News - Komisi Perlindungan Anak Indonesia (KPAI) mendapatkan perlakuan yang tak mengenakkan dari pengelola Binus School Serpong terkait kasus perundungan yang terjadi di sekolah itu.

Tak cuma KPAI, Kementerian Pendidikan, Budaya, Riset dan Teknologi (Kemendikbudirstek) serta Kementerian Pemberdayaan Perempuan dan Perlindungan Anak (Kemen PPPA) juga mendapat perlakuan serupa.

Hal ini diungkapkan anggota KPAI Diyah Puspitarini saat konferensi pers kasus perundungan di Binus School Serpong, Selasa (27/2/2024).

Ia semula berujar, KPAI mengawasi proses pemanggilan anak saksi di kepolisian pada 22 Februari 2024. Saat itu, KPAI mengetahui bahwa ada sejumlah anak yang sudah dikeluarkan dari Binus School Serpong.

"Kemudian, KPAI bersama Itjen Kemendikbudristek dan Kemen PPPA menemui sekolah [Binus School]. Namun, KPAI dan Kemen PPPA tidak mendapatkan respons yang positif dari pihak sekolah," ungkap Diyah di kantor KPAI, Jakarta Pusat, Selasa (27/2/2024).

Kemudian, KPAI pernah meminta klarifikasi kepada pihak sekolah atas hak pendidikan anak. Akan tetapi, menurut Diyah, pihak Binus School Serpong tidak terbuka kepada KPAI.

Akhirnya, KPAI menggelar pertemuan dengan Kemen PPPA, Pemerintah Kota Tangerang Selatan dan orangtua siswa. Hasil pertemuan, dipastikan bahwa anak yang terlibat hukum di Binus School tetap dapat mengikuti ujian kelas 12.

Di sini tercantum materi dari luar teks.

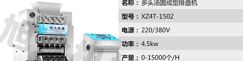 旭众牌XZ4T-1501型多功能汤圆成型排盘机是一款只要将面团放入进料口,开机便可自动搓圆、成型的设备,制品不易变形,工作效率高,相当于15-20个工人同时手工制作汤圆,并可自动排盘,真正的低投入、高收效、省钱省工。

"Akan memastikan siswa yang terlibat tidak hilang hak atas pendidikan serta dapat mengikuti ujian kelas 12," tutur Diyah.

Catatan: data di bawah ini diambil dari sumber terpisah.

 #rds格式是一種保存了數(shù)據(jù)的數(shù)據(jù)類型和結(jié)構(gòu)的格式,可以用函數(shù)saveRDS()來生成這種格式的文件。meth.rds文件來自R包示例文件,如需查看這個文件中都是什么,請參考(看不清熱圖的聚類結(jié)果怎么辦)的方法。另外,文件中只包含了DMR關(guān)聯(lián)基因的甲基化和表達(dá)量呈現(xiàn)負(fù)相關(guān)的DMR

Sementara itu, anggota KPAI, Aris Adi Leksono, meminta Kepala Sekolah Binus School Serpong agar membuka diri dan memberikan informasi secara jelas kepada semua pihak.

Ia juga meminta pihak Binus School Serpong agar lebih memantau akitivitas siswa di dalam maupun di luar sekolah.

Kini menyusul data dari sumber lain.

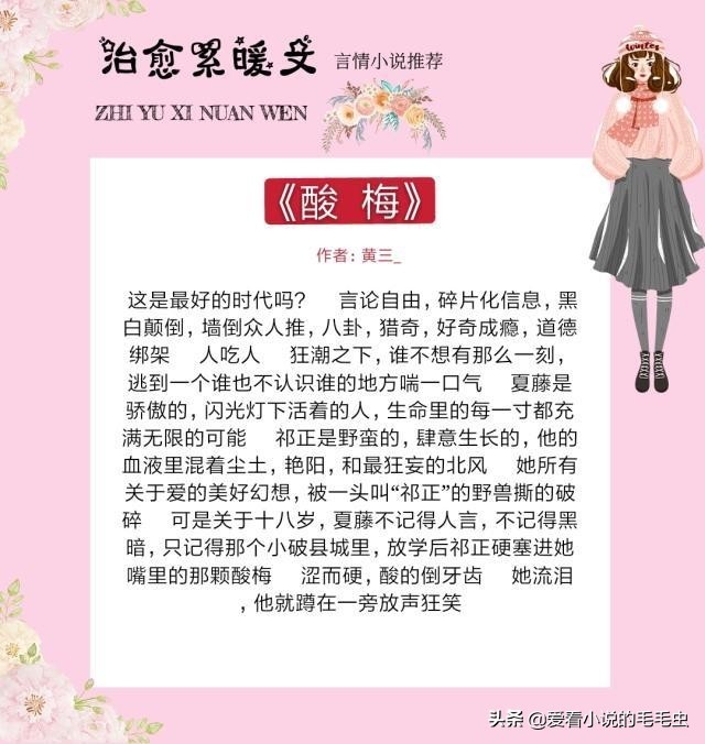 大家好,我是毛毛虫,十年书龄小仙女,每天为大家推荐各种好看的言情小说。希望大家能够喜欢,喜欢的话可以分享给朋友,或者收藏起来。若大家有什么想看的书,可以在下方留言哦。本期整理的是强推4本治愈系言情小说,世界以痛吻我,我却报之以歌

"Kepala Sekolah Binus School Serpong agar membuka diri dan memberikan informasi yang sebenar-benarnya dan menerima masukan dari berbagai pihak, serta mempertimbangkan hak pendidikan anak yang terlibat," kata Aris.

"[Lalu], memastikan kerjasama antara sekolah, orang tua/wali murid dan dinas pendidikan untuk memantau aktivitas siswa di media sosial dan memantau keterlibatan siswa dalam kelompok-kelompok atau gank," imbuhnya.